Updates to our Terms of Use

We are updating our Terms of Use. Please carefully review the updated Terms before proceeding to our website.

Friday, April 19, 2024 | Back issues
Courthouse News Service Courthouse News Service

Suit Over Protected Status for Haitians Put to Judge

A federal judge overseeing the trial of Haitians who lost protected immigrant status warned attorneys Thursday that sympathy for the challengers is not enough for them to prevail.

BROOKLYN, N.Y. (CN) – A federal judge overseeing the trial of Haitians who lost protected immigrant status warned attorneys Thursday that sympathy for the challengers is not enough for them to prevail.

“I have to either decide that I have the power to do it, and do it; that I have the power to do it, and not do it; or that I lack the power to do it,” U.S. District Judge William Kuntz said as closing arguments got underway.

The United States granted temporary protected status, or TPS, to Haitians residing in the U.S. after their country was devastated in 2010 by a 7.0-magnitude earthquake. In addition to killing tens of thousands of people, the quake reduced the capital city of Port au Prince to rubble and spawned a cholera epidemic considered at the time to be the worst in recent history.

But defense attorneys for the Trump administration argued at trial this week that Haiti suffers from a number of systemic instability issues, such as corruption and food insecurity, which were problematic long before the quake. 

Defending the decision to end Haiti’s protected designation in 2017, the government emphasized that, by its name, TPS relief was meant to be temporary. 

Though government lawyers highlighted how life in Haiti has improved since 2010 — the country has held elections and cholera diagnoses have slowed down — the plaintiffs painted a starker picture with expert testimony.

“The [Haitian] president’s running the country from tents and prefabs,” Brian Concannon, executive director of the Institute for Justice & Democracy in Haiti, told the court Wednesday.

Kuntz, who is presiding over the trial without a jury, will not make the TPS decision himself but rather could order the administration to redo the TPS determination process for Haiti.

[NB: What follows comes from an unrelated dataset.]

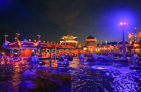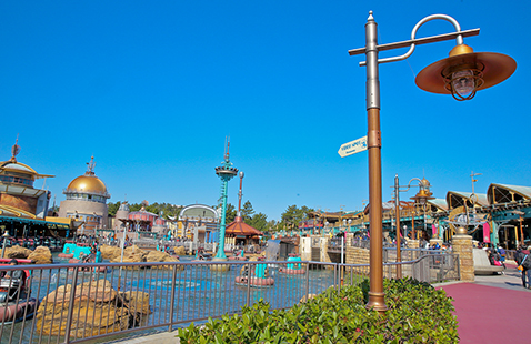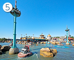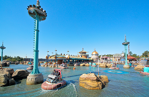 近未来的なコントロールタワーから広がるアクアトピアは、水上ドライブが体験できるアトラクション。パシャパシャと弾ける水の音、水上を縦横無尽に移動するウォーターヴィークルの動きがとっても楽しくて、家族やお友達のとびっきりの笑顔が撮れるスポットです。ウォーターヴィークルを吸い込みそうになりながら、クルクルとまわるうずまきや、豪快に吹き出す間欠泉の水しぶきなど、表情豊かな水の動きも楽しめますよ!

The plaintiffs have sought throughout the trial to prove that the Trump administration officials skipped, ignored or otherwise bypassed standard procedure in terminating Haiti’s TPS designation.

While the secretary of homeland security has sole decision-making power when it comes to TPS, witnesses testified this week that decision should be informed by heavily researched input from the State Department, embassies on the ground, and U.S. Citizenship and Immigration Services.

Leon Rodriguez, who served as director of USCIS following an appointment by former President Barack Obama, had harsh words on the stand for his successor.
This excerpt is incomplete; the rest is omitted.